The University of Limerick, the first university to be established since the foundation of the state, came about through determined local campaigns – as remembered in this book by Paddy Meskell of the inaugural 1972 class and by Bill Whelan, internationally acclaimed composer of Riverdance – and, later, through the merging of the National Institute of Higher Education and Thomond College of Education. The story is told in David Fleming’s assiduously researched study The University of Limerick: A History (2012), and in founding president Ed Walsh’s lively account Upstart: Friends, Foes and Founding a University (2011). Our own book is not a chronology but a conversation that builds into a characterisation. The fifty pieces may be read in any sequence, from cover to cover, or dipped into.
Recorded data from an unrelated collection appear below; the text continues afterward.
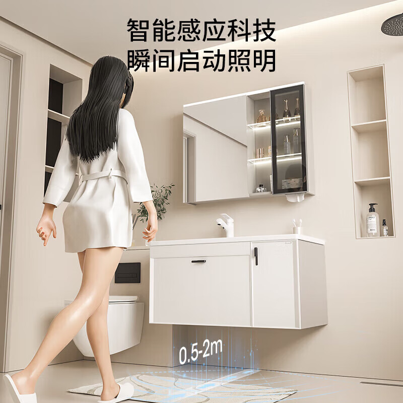 5、浴室柜带美妆架,功能齐全,有感应灯,很好看
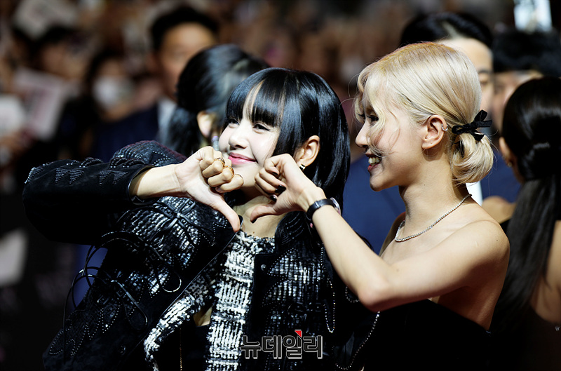 걸그룹 블랙핑크(BLACK PINK) 리사와 로제가 9일 오후 서울 영등포구 타임스퀘어 영등포점에서 열린 '본 핑크 인 시네마스(BORN PINK IN CINEMAS)' 핑크 카펫에서 포즈를 취하고 있다.
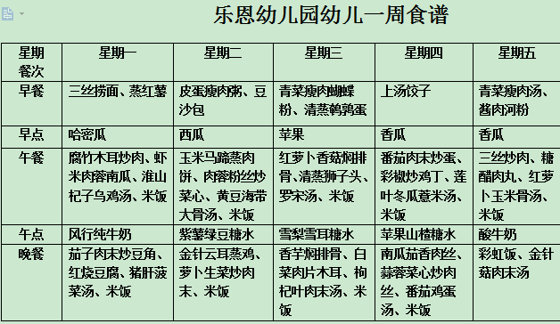 乐恩幼儿园2016.6.13-6.17一周食谱
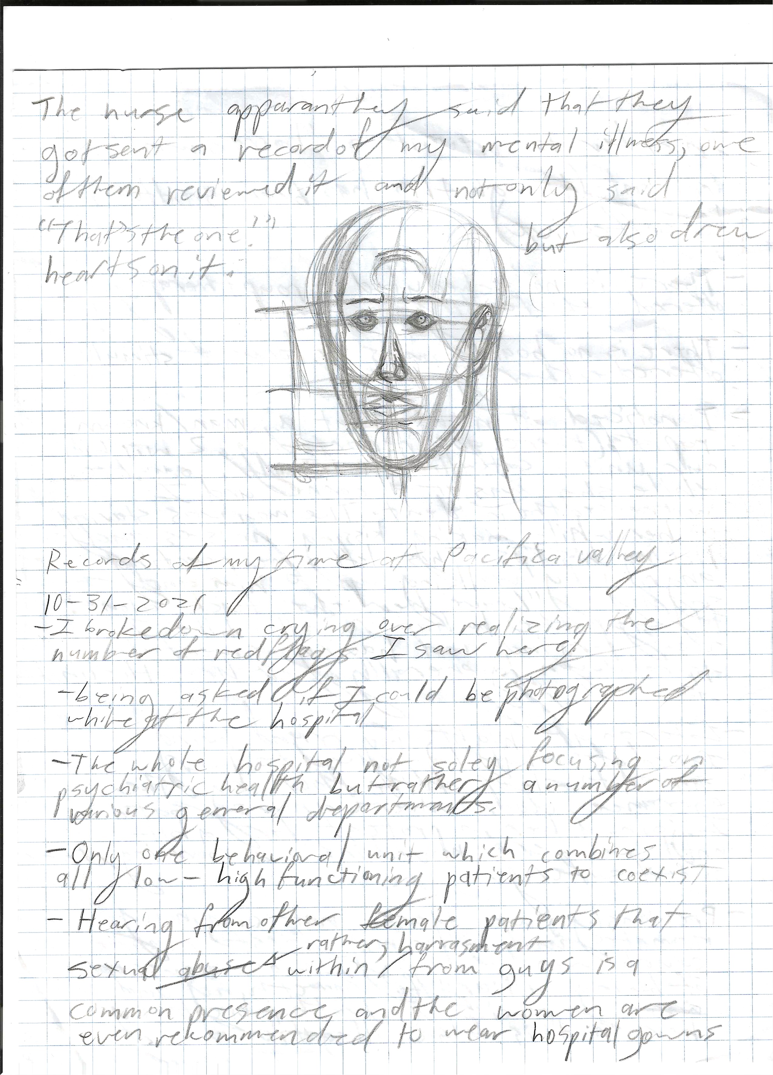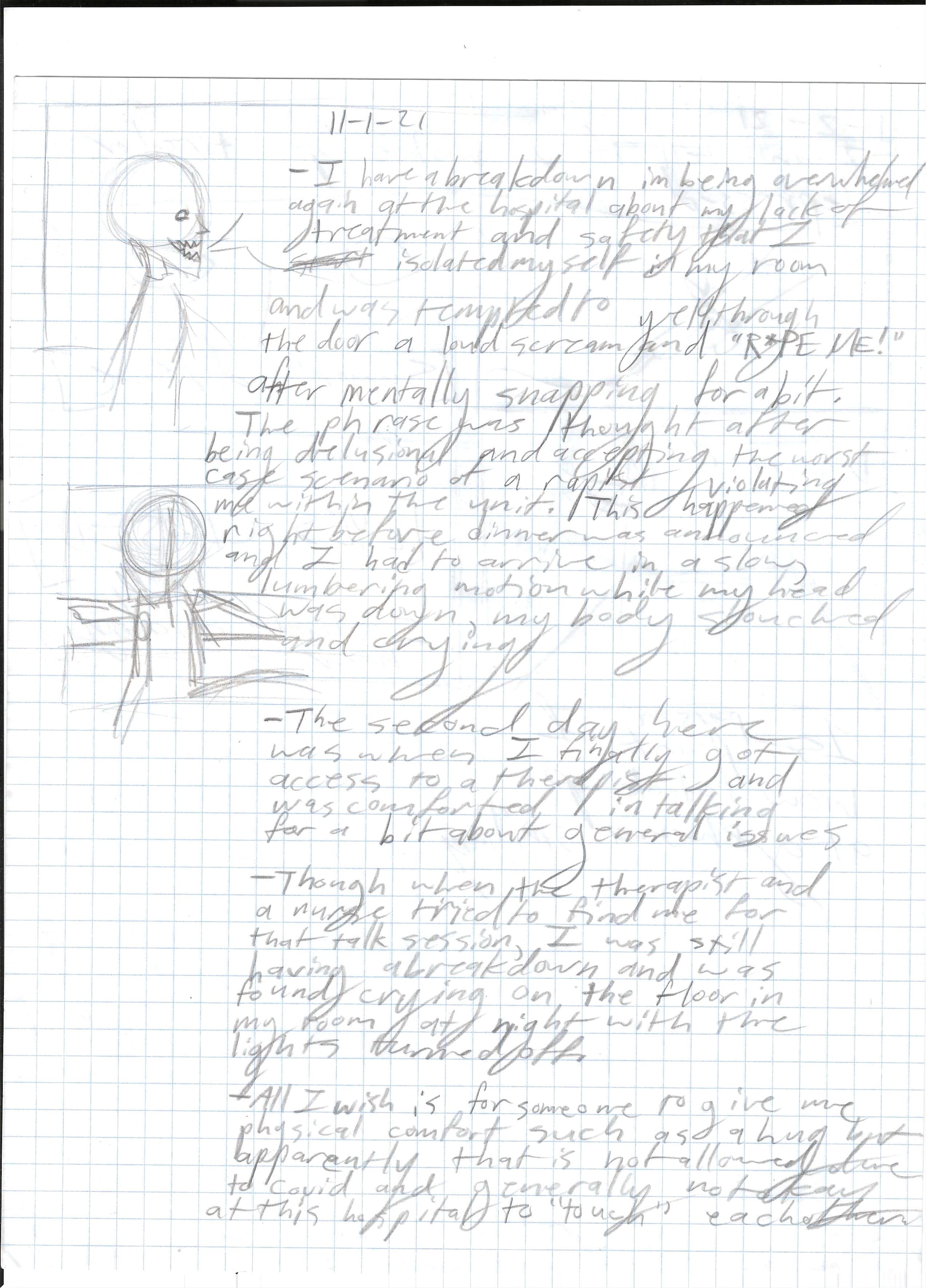 In some parts of her journal entry, she mentions a psychiatrist (an old middle aged man) who was assigned to everyone of us in the facility, hence why he would only speak to her (and I as well in my experience) for about a minute before assigning us a random medication without further intake about our psyche. Despite being a psych unit, we were not ever scheduled with any sessions of group therapy as it should have (as what my previous psych hospital always did) and instead held activity session that seemed more like a child recess than one meant for adults: Having everyone huddle in another room across the patio, entering the left side of the hallway with nothing else to do but fill in child-level coloring pages, child-level cross puzzles and freely drawing anything on paper with crayola markers while someone played music from a bulky radio. Adults in their early 20s and mid 40s/50s gathered together in this only stimuli that was ever offered and it was dehumanizing to me. I’m not sure when at some point I came to this thought but I really wondered how someone could lock away a person behind a small facility, in a forgettable place within a giant hospital, knowing they need help to just wither with other unstable people on the same floor.
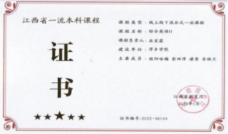 李文静荣获第十六届“外教社杯”全国高校外语教学大赛江西赛 区本科大学英语综合课组二等奖
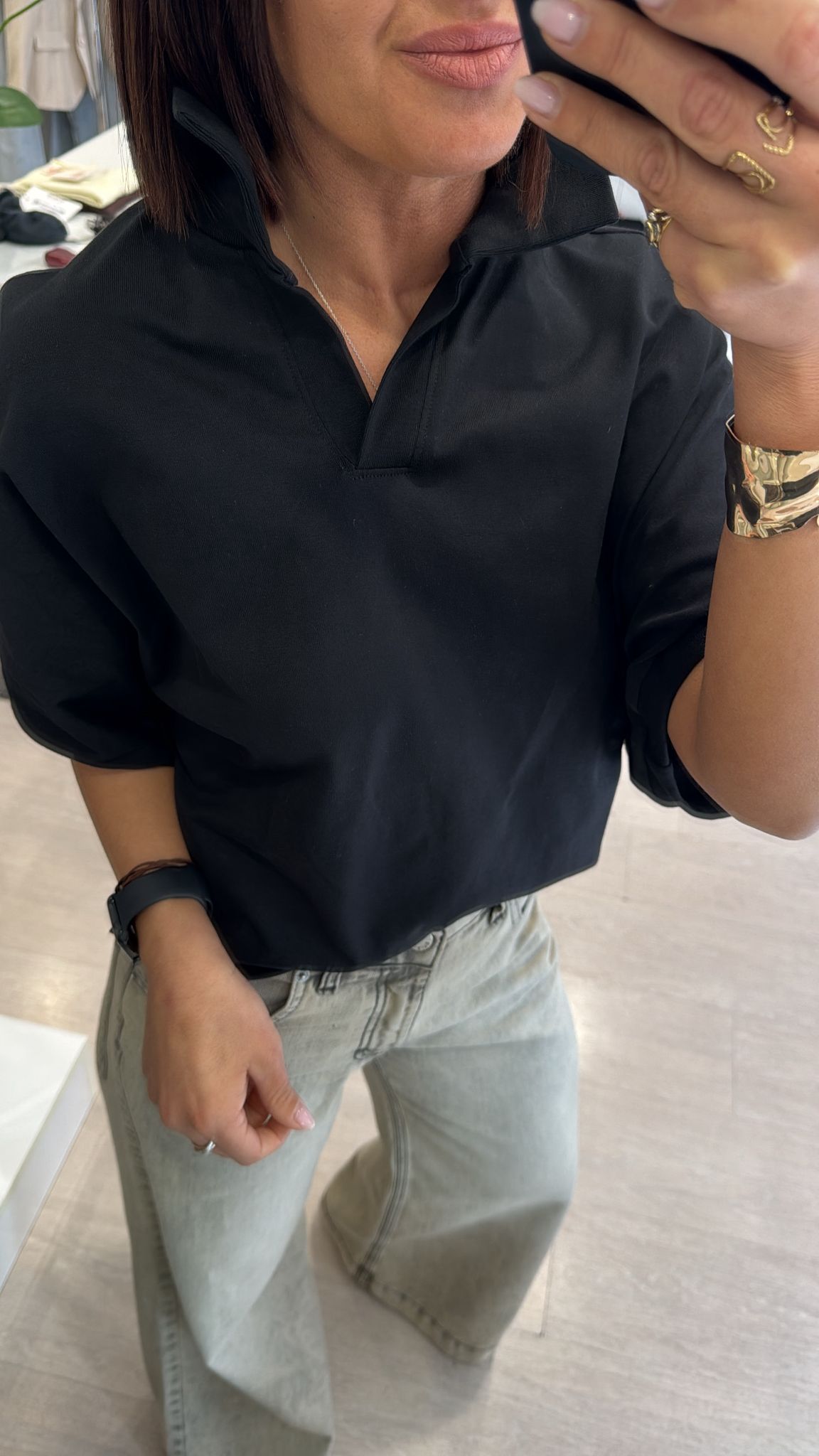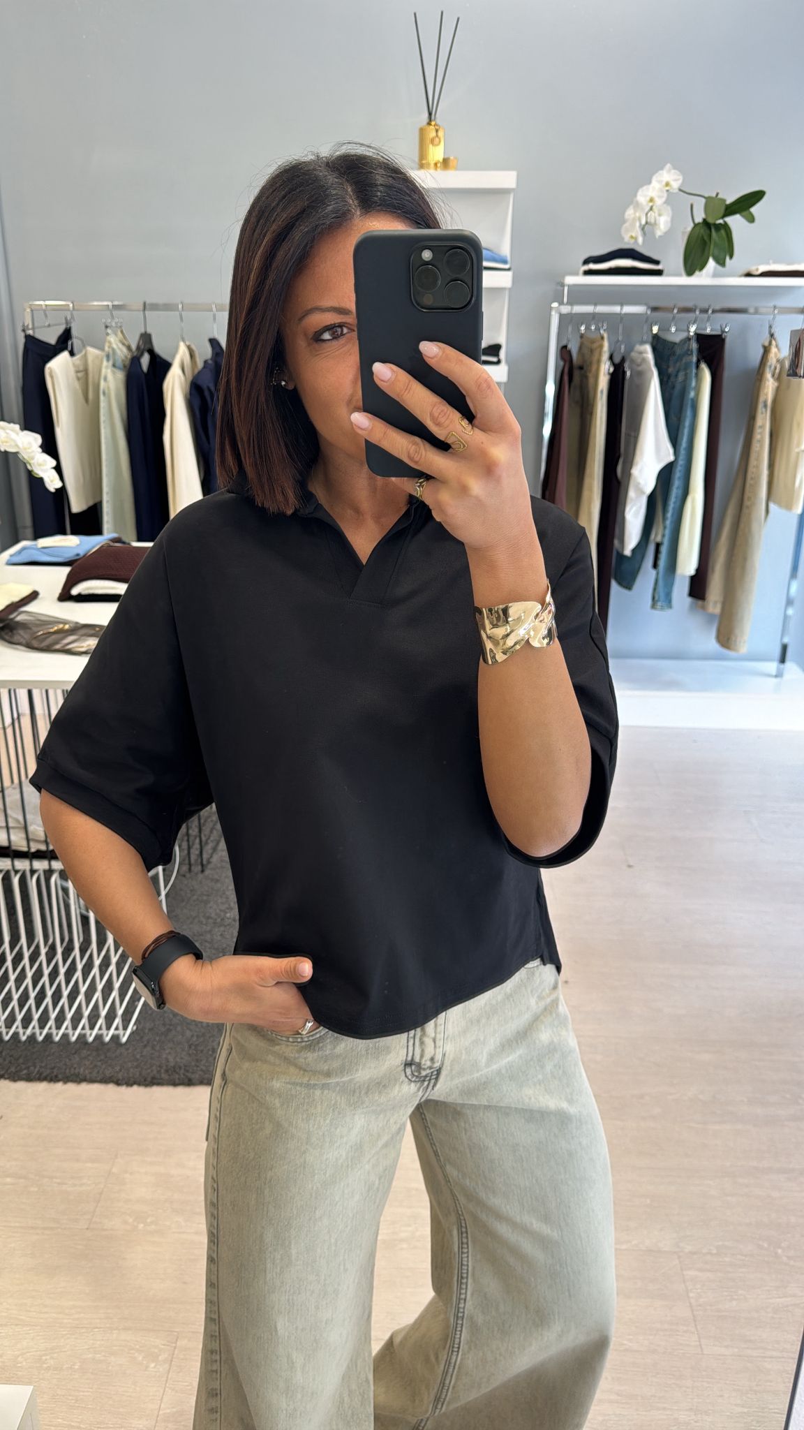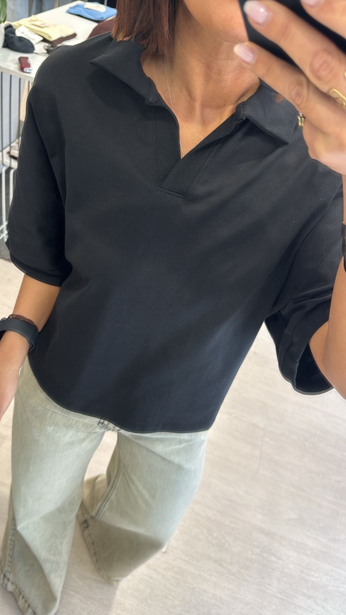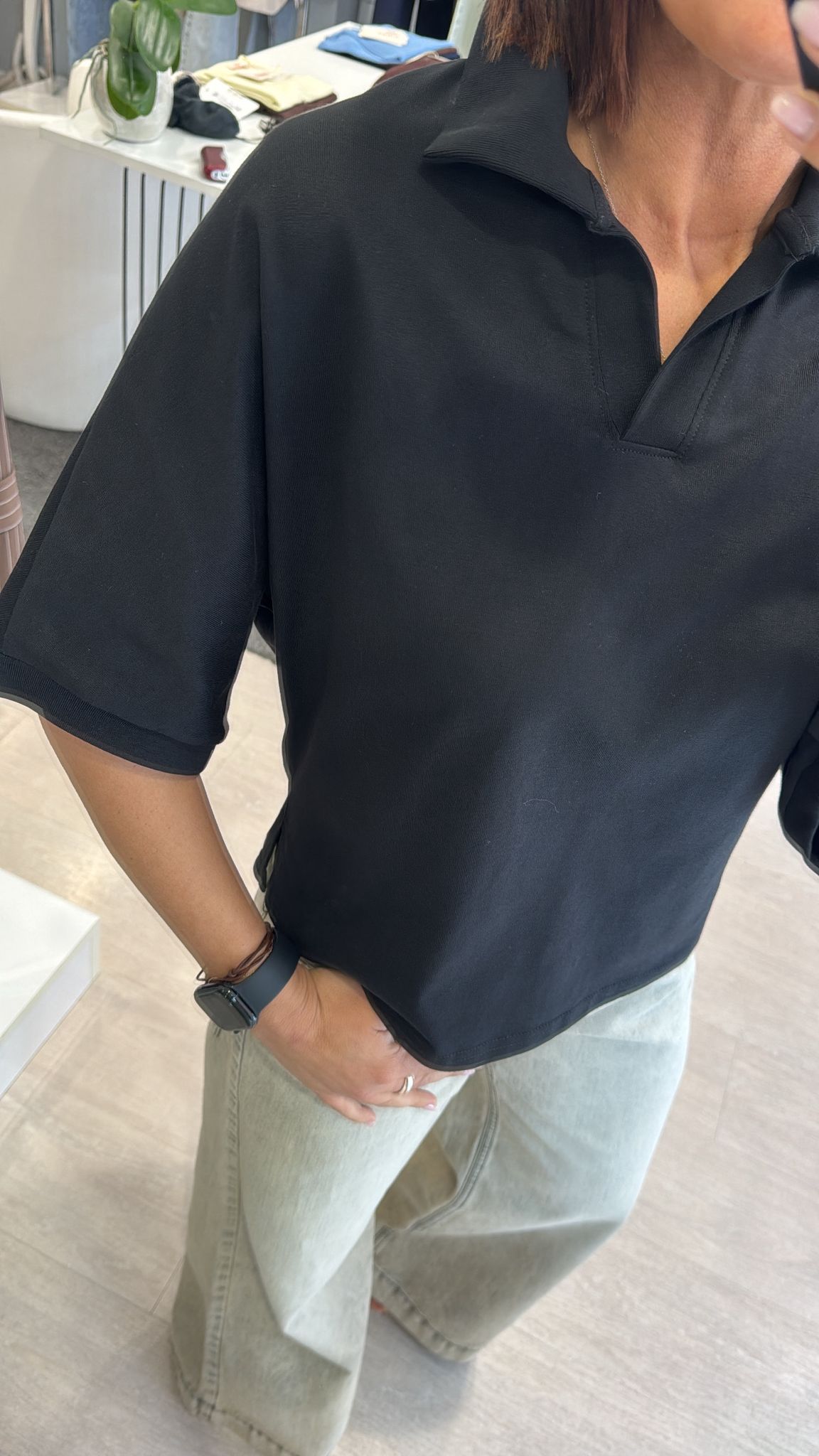 Polo boxy fit in cotone nera
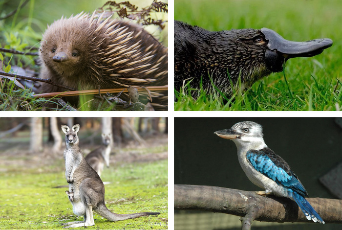 Но, наверно, в первую очередь туристов привлекают уникальная флора и фауна страны. Большая часть растительности и животного мира — эндемики, то есть произрастают и живут только в Австралии и близлежащих островах. Это яйцекладущие млекопитающие, сумчатые, змеи, рыбы, страусы и другие птицы, а также более мелкие и микроскопические обитатели лесов, степей, рек и океанов. Самые известные из них — ехидна, утконос, кенгуру и кукабарра.

The reader will notice the emergence of resonances, rhymes, repeated themes, preoccupations. Research. The Glucksman Library. Sport. Music. A respect for creativity. An affection for colleagues. Our students as our teachers. The beauty of the campus. The image of the Living Bridge shimmers through a good many of the pieces – an actualised metaphor for teaching, learning and outreach –and the Shannon flows in reflective counterpoint. But a current of iconoclasm is at work in these writings, too, a restlessness, a desire to push onward. There is often a commitment to engage with communities in wider and more welcoming ways, to make an impact on more lives, to do more around the major issues of class, gender, identity, disability (or ‘“dis”ability’, to borrow a trenchant term of orthographic subversion used by our contributor Charlie Mullowney), environment, marginalisation, exclusion and participation. While there is great pride in these pages, there is ambition and activism too. The powerful words of Sindy Joyce, Denise Chaila and Donnah Sibanda Vuma are reminders that much remains to be done; that everyone has a right to safety, freedom and education; that protest matters; that real inclusion and diversity will make us all stronger. A closer relationship with Limerick city is seen as a matter of pressing importance and the opening of the UL City Centre Campus as an exciting opportunity. These priorities are what make UL the place it must continue to become: a university where there are beautiful buildings but no ivory towers. We extend sincere thanks to our wonderful contributors for their willingness to participate and for their skill, also to Wendy Logue and Conor Graham at Irish Academic Press, and copyeditor Dermott Barrett. We thank Gobnait O’Riordan, Kate Harris and Ken Bergin at the Glucksman Library, Carla Capone, Rina Carr, Yvonne Cleary, David Fleming, Oonagh Grace, UL President Kerstin Mey, and Caroline Keane and Cliona Donnellan for assistance with contractual matters. We add our thanks to UL Confessions administration, and to Eoin Brady and Michelle McMahon, Dr Eimear O’Connor, Sorcha Pollock, and UL Fifty Programme Manager Caroline Rafter. The late David Lilburn, artist, cartographer and designer, was a much-loved UL creative presence for many years; we thank his wife, Romanie van Son, and Yvonne Davis (whose fine essay on UL’s art collections appears in this book) for helping us to include an example of his beautiful work.